You must respond to the Agent only if you wish the Trustee or the Special Trustee to tender any of your Plan Shares. If you do not wish to tender any of your Plan Shares, do nothing. If you do nothing, you will be deemed to have instructed the Trustee and the Special Trustee not to tender any of the Plan Shares held for your benefit. A failure to respond to this tender offer will be deemed as an instruction not to tender your Plan Shares.
7.
How many Plan Shares may I tender and how do I learn the number of Plan Shares held for my benefit in the Plan?
You may tender a whole percentage (up to 100%) of the Plan Shares allocated to your Plan account as of the expiration date of the Offer, currently scheduled to occur on September 20, 2022 (unless it is extended). The number of Plan Shares held in your Plan account is calculated by dividing the value of your Plan account allocated to the White Mountains Stock Fund under the Plan by the New York Stock Exchange closing price of the Company’s common shares on a particular day. You can view the actual number of Plan Shares held in your Plan account by logging on to the participant website at www.bpas.com or contacting BPAS at (866) 401-5272 for assistance.
If you wish to tender portions of your Plan Shares at different prices, you must identify the whole percentage of your Plan Shares you wish to tender at each specific price at which you wish to instruct the Trustee or the Special Trustee to tender your Plan Shares.
8.
Why must I direct the tender of Plan Shares allocated to my Plan account by whole percentage, rather than designating a set number of Plan Shares?
A whole percentage designation allows the Trustee or the Special Trustee to take into account transactions involving Plan Shares that might be effected after you complete and send your Election Form to the Agent, such as additional contributions to investment funds under the Plan that are open for new investments, exchanges or distributions of Plan Shares.
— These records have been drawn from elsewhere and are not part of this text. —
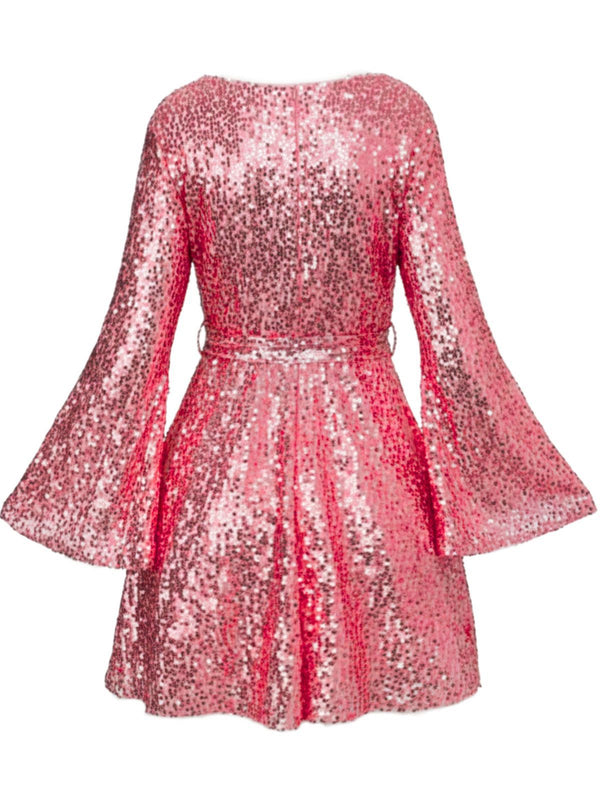 1970er V-Ausschnitt Schlagärmel Pailletten Disco Kleid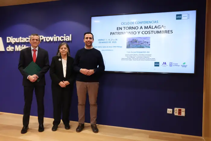 Así lo ha anunciado el diputado de Educación, Juventud y Mayores, José Santaolalla, junto a Luis Grau, director de la UNED Málaga, y María Dolores Rasero, en representación de la Asociación Pro Tradiciones Malagueñas ‘La Coracha’, en la presentación de este ciclo de conferencias que se realizarán durante el mes de marzo.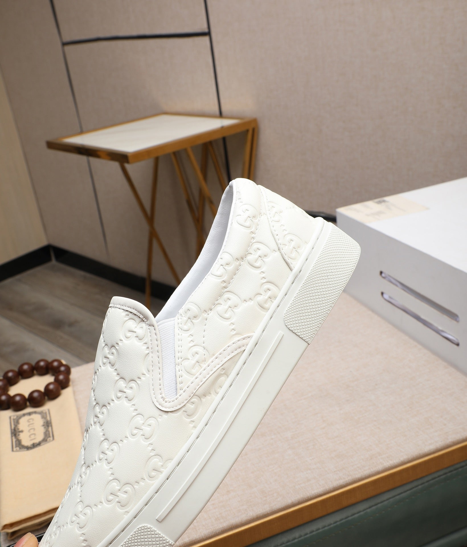 GG Men's Slip on White Embossed Calfskin 518843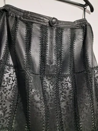 Falda larga de cuero natural en color negro+ chaleco Presenta un diseño patchwork con paneles de cuero liso y otros con un sutil estampado floral en relieve. Las uniones entre los paneles están decoradas con un pespunte decorativo. - Cierre de cremallera. - Largo hasta los tobillos. - Detalle de crochet en el bajo Precio Fijo!!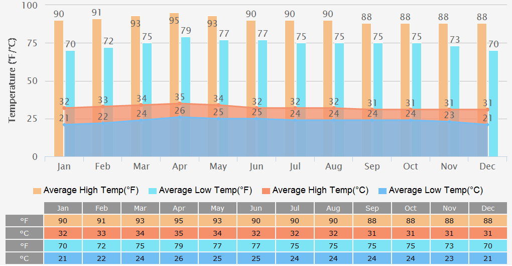 Ho Chi Minh City enjoys a year-round hot weather. The high temperatures mostly range from 30 to 37℃ (86 - 99℉), while the low temperatures are between 22 and 28℃ (72 - 82℉). Thanks to the regulating effect of the ocean, extreme high temperatures above 40℃ (104℉) are rare. However, the abundant moisture brought by maritime keeps the air humid, making the apparent temperature much higher than the actual one and leading to sticky feelings. Often within ten minutes after staying outside at noon, your clothes will be soaked with sweat.In comparison, December to February is relatively cooler in Ho Chi Minh City: highs typically range from 28 - 34℃ (82 - 93℉), lows from 20 - 26℃ (68 - 79℉). While still hot, it is not unbearable like in other months, barely making you reluctant to go out. Muggy conditions ease noticeably in the mornings, evenings, or after rain, so you can stroll the old streets for a pleasant taste of local charm with a cup of iced coffee in hand.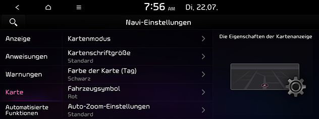In diesem Menü können Einstellungen hinsichtlich der Karte geändert werden.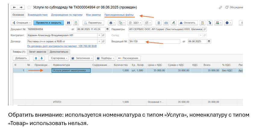 Откроется окно создания «Услуги по субподряду», где исходя из документа поставки заполняются все реквизиты. Номенклатура услуги должна совпадать с работой в заказ-наряде, так же можно ввести уточняющий комментарий в поле «Содержание». Обязательно присоединить скан входящего документа при его наличии. Далее провести и закрыть поступление, записать изменения в заказ-наряде.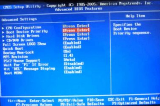 将u盘启动器插入电脑主机后按开机键,进入开机界面后长按DEL键进入BIOS主菜单界面。之后通过键盘上的方向键选择Advanced BIOS Features选项并按回车键,之后按照提示进行操作即可。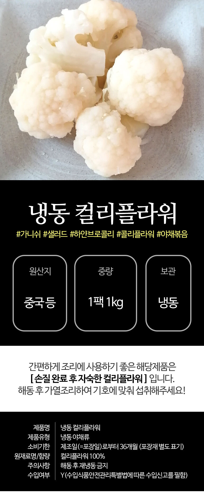 | 품목 또는 명칭 | 냉동컬리플라워 |

The percentage designation allows the Trustee or the Special Trustee to tender your Plan Shares based on the actual number of Shares in your Plan account as of the date of such tender.
9.
What if I have Shares in my Plan account and hold Shares outside of the Plan?
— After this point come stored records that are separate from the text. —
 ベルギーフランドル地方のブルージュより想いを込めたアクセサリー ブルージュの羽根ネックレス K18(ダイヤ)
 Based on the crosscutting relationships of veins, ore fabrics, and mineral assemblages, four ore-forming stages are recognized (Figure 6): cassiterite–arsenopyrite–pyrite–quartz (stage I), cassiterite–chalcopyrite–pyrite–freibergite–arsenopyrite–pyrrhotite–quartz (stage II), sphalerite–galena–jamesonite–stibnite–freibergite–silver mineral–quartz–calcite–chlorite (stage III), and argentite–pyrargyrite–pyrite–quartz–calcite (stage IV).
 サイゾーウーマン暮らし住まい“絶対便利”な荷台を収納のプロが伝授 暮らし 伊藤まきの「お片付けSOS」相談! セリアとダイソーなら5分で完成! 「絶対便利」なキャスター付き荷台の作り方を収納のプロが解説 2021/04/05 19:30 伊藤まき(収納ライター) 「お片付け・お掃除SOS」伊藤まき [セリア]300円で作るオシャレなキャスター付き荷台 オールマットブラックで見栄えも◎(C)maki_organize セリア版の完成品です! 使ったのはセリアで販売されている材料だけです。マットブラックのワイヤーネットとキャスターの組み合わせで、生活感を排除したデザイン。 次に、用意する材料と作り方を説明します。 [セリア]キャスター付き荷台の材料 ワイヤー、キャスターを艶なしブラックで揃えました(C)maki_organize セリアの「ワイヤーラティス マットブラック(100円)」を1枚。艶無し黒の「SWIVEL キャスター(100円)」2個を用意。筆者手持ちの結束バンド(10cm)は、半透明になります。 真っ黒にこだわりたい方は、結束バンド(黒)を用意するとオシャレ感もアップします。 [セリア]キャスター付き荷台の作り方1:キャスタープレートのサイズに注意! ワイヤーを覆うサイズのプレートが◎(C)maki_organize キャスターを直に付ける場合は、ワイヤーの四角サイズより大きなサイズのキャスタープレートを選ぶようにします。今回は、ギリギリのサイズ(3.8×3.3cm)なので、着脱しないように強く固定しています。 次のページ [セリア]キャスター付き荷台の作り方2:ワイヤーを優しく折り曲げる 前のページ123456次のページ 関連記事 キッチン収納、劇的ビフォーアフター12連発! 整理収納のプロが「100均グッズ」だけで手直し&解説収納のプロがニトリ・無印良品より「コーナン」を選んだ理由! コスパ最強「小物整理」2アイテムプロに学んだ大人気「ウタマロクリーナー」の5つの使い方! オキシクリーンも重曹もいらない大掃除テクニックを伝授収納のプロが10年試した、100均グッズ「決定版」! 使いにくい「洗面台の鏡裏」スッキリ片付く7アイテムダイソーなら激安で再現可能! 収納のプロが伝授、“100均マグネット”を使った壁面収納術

If you have Shares in the Plan and also own other Shares (either in your possession or held by a bank or brokerage firm, or otherwise) outside of the Plan, you will receive two or more sets of Offer materials. You should be careful to follow the different instructions that apply to tendering each kind of Shares.
10.
Who will know whether I tendered my Plan Shares?
Your directions to the Agent for the benefit of the Trustee and the Special Trustee will be kept confidential. No employee, officer or director of the Company will learn of your instruction unless such disclosure is required by law.
11.
Can I change my mind and direct the Trustee or the Special Trustee to withdraw Plan Shares that I previously directed the Trustee or the Special Trustee to tender?
Yes, but only if you perform all of the following steps:
(a)
The Notice of Withdrawal cannot be sent by facsimile. Any Notice of Withdrawal that is sent by facsimile to the Agent will not be considered valid;
(b)
You must send a completed and signed copy of the enclosed Notice of Withdrawal or other withdrawal notice to the Agent. You may submit a Notice of Withdrawal or other withdrawal notification by first-class, registered or certified mail to the Agent at Computershare Trust Company,
 

 
N.A., c/o Voluntary Corporate Actions, PO Box 43011, Providence, Rhode Island 02940-3011, or by express or overnight delivery to the Agent at Computershare Trust Company, N.A., c/o Voluntary Corporate Actions, 150 Royall Street, Suite V, Canton, Massachusetts 02021;
(c)
The Notice of Withdrawal or other withdrawal notice must set forth your name and social security number and it must state that you are directing the Trustee or the Special Trustee to withdraw all Plan Shares that you previously directed the Trustee or the Special Trustee to tender on your behalf; and
(d)
The Agent must receive the Notice of Withdrawal or other withdrawal notice before 5:00 p.m., New York City time, on September 16, 2022 (unless the Offer is extended, in which case such notice must be received by no later than 5:00 p.m., New York City time, on the date that is two (2) business days before the new expiration date).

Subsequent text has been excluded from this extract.